Total Shareholder Return (TSR) is a compounded and annualised measure, which includes dividends paid to our shareholder and excludes investments made by our shareholder in Temasek’s shares. Our TSR over different time periods are a snapshot of our performance, with the longer time periods being more representative of our performance as a long term investor.
As at 31 March 2022, our Singapore dollar one-year TSR was 5.81%. Our three-year TSR was 8.79% and our 10-year TSR was 7%.
Our 20-year TSR was 8%, versus the Singapore 20-year annualised core inflation of 1.5%. Longer term 40-year TSR was 12%.
For each investment we make, an individual risk-adjusted cost of capital (RACOC) is derived bottom-up using a capital asset pricing model. Investments in riskier sectors or markets have a higher cost of capital. We impute premiums for illiquidity and other risks.
We use the individual RACOC to normalise risks taken, when we compare the relative attractiveness among investment opportunities. We may dial up or down the required spread over RACOC as a tool to tighten or loosen our investment risk appetite.
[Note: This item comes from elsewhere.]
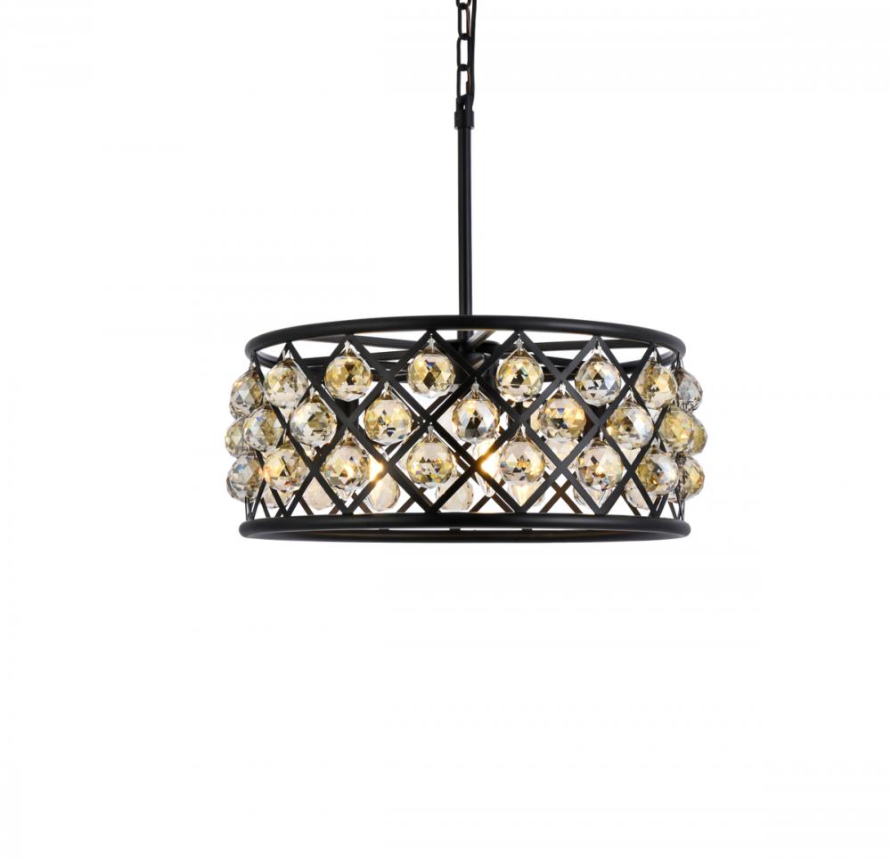 Madison 5 light Matte Black Chandelier Golden Teak (Smoky) Royal Cut Crystal

Depending on the external outlook and investment stance, we may choose to invest in opportunities with positive expected returns, which are below their respective individual RACOC. We deploy our excess liquidity in short term liquid investments that may give us returns lower than our cost of capital, as we assess opportunities to deploy in longer term investments.
We assess our performance by measuring our TSR against our overall RACOC, which is the weighted average RACOC across all our individual investments.